Oh, What a beautiful morning at 1.5 deg with a clear blue sky. We left early at 8.15 am.
 Mature and juvenile Marble Gums were with us for most of the day. The juvenile trees are really pretty with round glaucous leaves. They often lined our track. We stopped quite early for a walk up to the top of a dune to see the view and to see the plants which like to grow on sand dunes. Some dunes were quite sandy but mostly they were quite stable with trees and bushes well established on them. The area between dunes is called a swale. The swales were quite wide and the track wandered back and forth through the bush. Many areas had been burnt by lightening wildfire. Thankfully regrowth was taking place. The mallees especially were regrowing from their lignotuber.  Hakeas and grevilleas do regrow quite well too. Some trees and plants will never sprout again but only regrow  from seeds.

 We could see camel tracks along in front of us but no camels to be seen. There have only been a few birds but no kangaroos or emus or even a lizard sunning itself on this warm winter day.

Our first point of interest were the Sunday Surprise Rock Holes, Frank Hann named this on Sunday, July 26th 1903 exactly 113 years before our visit which was a Sunday, July 26th as well. This is such a coincidence. We found 7 of the 9 rockholes which have been recorded here. Some have clean water in them but others have green or muddy water.

We enjoyed our lunch at Winterbottom Rocks after which we found one rockhole up on the ridge. Really it was liked ‘jump-up’ with a flat rocky top. The rocks were bright with daisies and hop bushes. Instead of camping early here we decided to travel the next 15km to Amy Rockhole. The track across the top of the rocky flat topped area was very rough and challenging for the drivers. Luckily the track was marked by simple stone cairns.

Our camp was set up on the other side of the rocky ridge near a mulga thicket. John returned to the ridge and located a rock hole with clean clear water in it. We will drive back there in the morning to pump some water into our containers for use along the way. It will be clean enough for showering, washing clothes and dishes.

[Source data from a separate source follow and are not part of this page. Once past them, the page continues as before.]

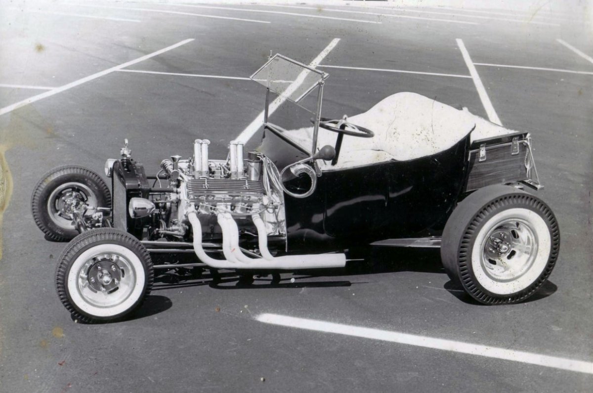 My problem has always been getting enough radiator core as one of the things on this car is the body is sectioned, (bottom cut off) about 2 1/2"), which is what makes it look so low compared to other slammed buckets. I've always had heat problems. My understanding is the pictured one does too. It should be noted this one is a four speed car so the whole thing about no room for a clutch pedal is dispelled. This also helps with leg room as the stick box is smaller in diameter than the typical automatic. In addition I will note the car has an approximately 92" wheelbase, as I scaled it off photos. I know this makes me feel like Tommy Ivo sneaking into Norms garage but you'd be amazed at what is available on FB!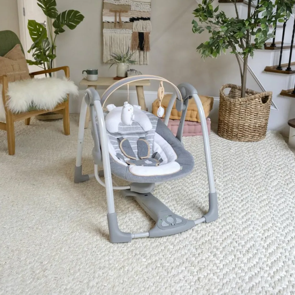 Apportez confort et apaisement à votre bébé avec la balancelle compacte Bella Teddy d’Ingenuity, un véritable cocon portable aux multiples fonctionnalités !
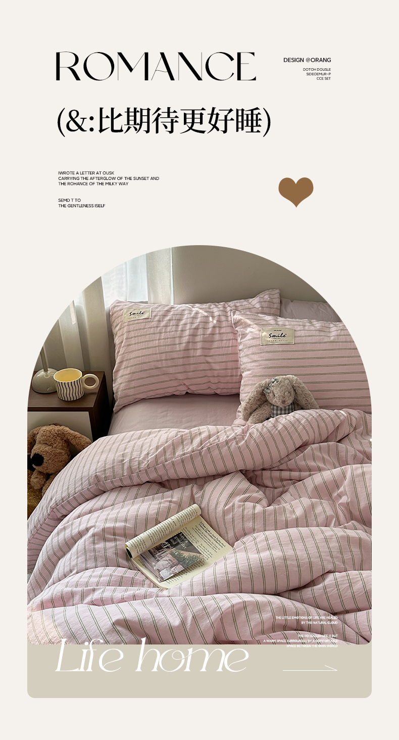 当前位置: 91家纺网 > 商品网购 > 床品套件 > 四件套 > 全棉普通四件套 > 艾咪-Amy ntmy 2026春夏新款布标款全棉纯棉色织水洗棉四件套-告白 告白-粉条

We are privileged to drive this remote track across the Great Victoria Desert. It is said that less than 200 vehicles have ever driven through this country. We are driving a winding, simple 2 wheel track with the occasional branch over it which we drive around. It is a slow trip but that gives us the opportunity to stop for a closer look at plants or to take photographs. Today’s speed was between 10 kph and 30 kph.
Early morning track

Juvenile Marble Gums

Red Hop Bush

We have not seen another vehicle for 2 days so there are no traffic or parking problems!